**WHAT YOU WILL DO:**
Hand back every line from the beginning of the data below through the line containing "Le fait est", word for word and free of pictures.

**PROVIDED MATERIAL:**
=== Begin Enclosure ===

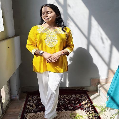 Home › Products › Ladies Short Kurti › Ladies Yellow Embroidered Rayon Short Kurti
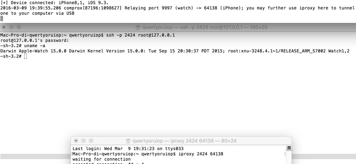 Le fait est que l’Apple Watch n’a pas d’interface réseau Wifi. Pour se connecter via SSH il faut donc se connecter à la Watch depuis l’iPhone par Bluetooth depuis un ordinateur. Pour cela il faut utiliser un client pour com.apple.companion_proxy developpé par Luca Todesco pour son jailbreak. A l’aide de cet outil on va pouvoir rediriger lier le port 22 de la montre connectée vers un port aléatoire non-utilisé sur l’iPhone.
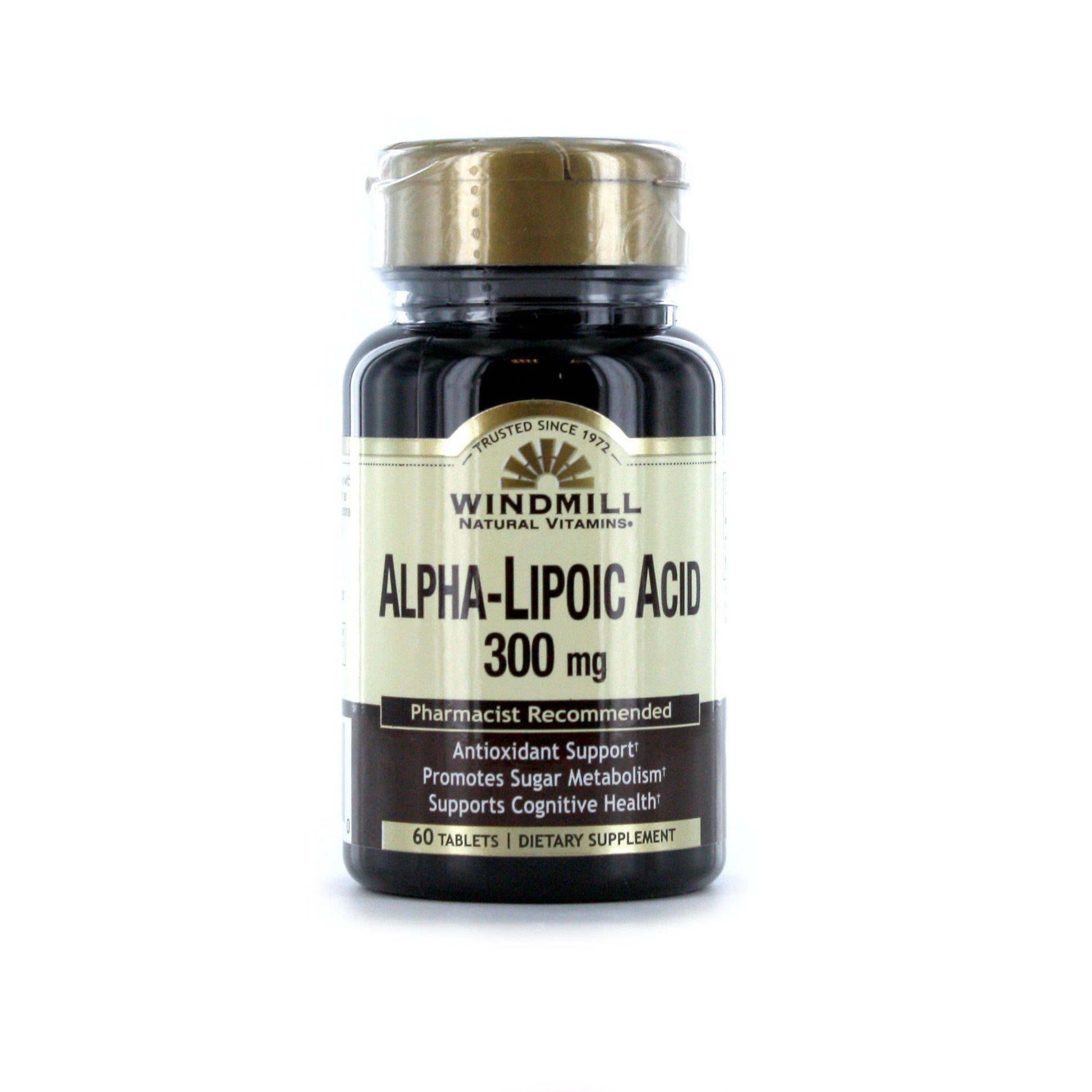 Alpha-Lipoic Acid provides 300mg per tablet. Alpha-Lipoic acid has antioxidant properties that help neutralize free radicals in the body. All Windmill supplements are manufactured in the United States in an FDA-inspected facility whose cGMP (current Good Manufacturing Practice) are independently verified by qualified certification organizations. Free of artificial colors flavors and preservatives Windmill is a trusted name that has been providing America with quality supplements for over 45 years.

=== End Enclosure ===

**WRITTEN ANSWER:**
 Home › Products › Ladies Short Kurti › Ladies Yellow Embroidered Rayon Short Kurti
 Le fait est que l’Apple Watch n’a pas d’interface réseau Wifi. Pour se connecter via SSH il faut donc se connecter à la Watch depuis l’iPhone par Bluetooth depuis un ordinateur. Pour cela il faut utiliser un client pour com.apple.companion_proxy developpé par Luca Todesco pour son jailbreak. A l’aide de cet outil on va pouvoir rediriger lier le port 22 de la montre connectée vers un port aléatoire non-utilisé sur l’iPhone.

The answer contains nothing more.